While the end-users that held a stake in the Bats deal might feel a bit cheated from a valuation standpoint, institutional buy-side traders feel that the technical glitches are a part of today’s capital markets.

“I don’t have an impression that the markets have systemic problems, and that there are frequent technical glitches,” said Steve Hedger, managing director of trading and investment operations at Fifth Third Asset Management. “I think traders and market participants have an expectation that market glitches will continue to occur, but we all hope that they are rare. My wish is that every market glitch is scrutinized and any technical programming processes are corrected so we don’t have the same identical issues resurface.”

For Hedger, an acknowledgment and, to a degree, an expectation that software bugs are a part of trading in today’s computer-centric world is something instilled in all “tenured traders”. Such an acknowledgment, though, may not prepare market participants for future errors. With events such as the ‘Flash Crash’ in May 2010 in the not-too-distant past, market participants need to be prepared for potentially more technological failures as trading becomes ever-more electronic.

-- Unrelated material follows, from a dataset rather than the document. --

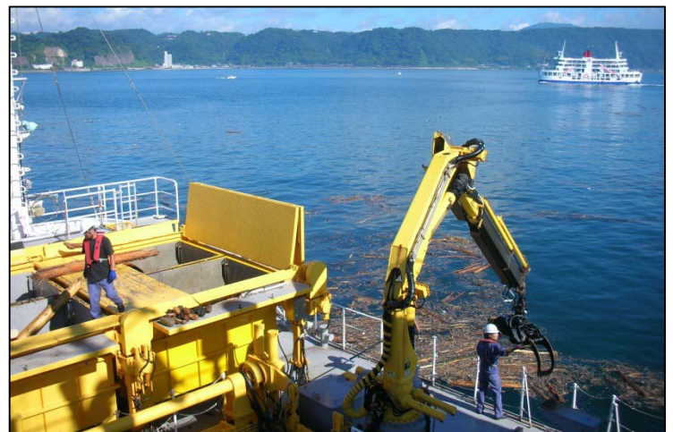
フェリーが行き交う航路付近での流木の回収

“Tenured traders have watched the markets transform over the decades from very manual workflows to very intense computer intensive processes,” he continued, citing that the key is to focus on market developments that have been created to contain trading glitches. “In Friday’s glitch [when shares in Apple slumped nearly 10% before recovering], Bats showed that the market controls were able to act prudently to protect investors. It appears that putting in the 10% trading halt rule after the 2010 Flash Crash worked pretty well on Friday.”

Still, Bats’ catastrophic failure on what should have been a shining day for trading doesn’t come without punishments. The firm’s founder, Dave Cummings, told The Wall Street Journal that bonuses should be suspended at Bats, noting that “mistakes cost money”.

“I want to apologize for not measuring up to the level of excellence that you have come to expect from us,” Ratterman wrote to customers in a letter, briefly breaking the silence of the company’s long quiet period since it filed to go public last May.

“Technology implementations are prone to failures and unexpected outcomes, even after going through rigorous testing,” Ratterman continued in the letter. “Every market center and every trading participant has experienced technical issues in their history. On Friday we were under the brightest spotlight imaginable—opening our own stock on our own exchange for the first time ever. It doesn’t get much more public than that.”

Bats, whose following largely originates from high-frequency traders, had hoped that claiming its own listing Friday would have steered the exchange toward becoming as competitive as the New York Stock Exchange and Nasdaq, which currently hold 23% and 21% of U.S. trading volume market share respectively. Bats’ market share, which hovered around 11% last week, quickly dipped to 9% on the morning of March 26, according to Bats Global Markets.

Bats’ halt on trading during Friday’s failed IPO will undoubtedly stir concern from regulators, who are already committed to reforming market structure.

Hedger of Fifth Third cited the post Flash Crash regulatory by-product “ten percent drop control rule”, which automatically halts trading after a 10% dip for further inspection, was effective and shouldn’t be overlooked by regulators as a key element towards progress.

For Hedger, market errors are a natural part of capital markets and are designed to help improve the system for the future. He hopes that Friday’s failure will solicit further scrutiny from regulators, which, he says, is “a good thing”.

“I hope some of the transparency that was brought to the market since the Flash Crash will help assist them in their evaluation,” he added. “It should be a confirmation that the regulators’ work over the last couple of years has yielded positive results. If the regulators find that they are still struggling to get their arms around the market structure, it should tell them they need to consider alternative oversight.”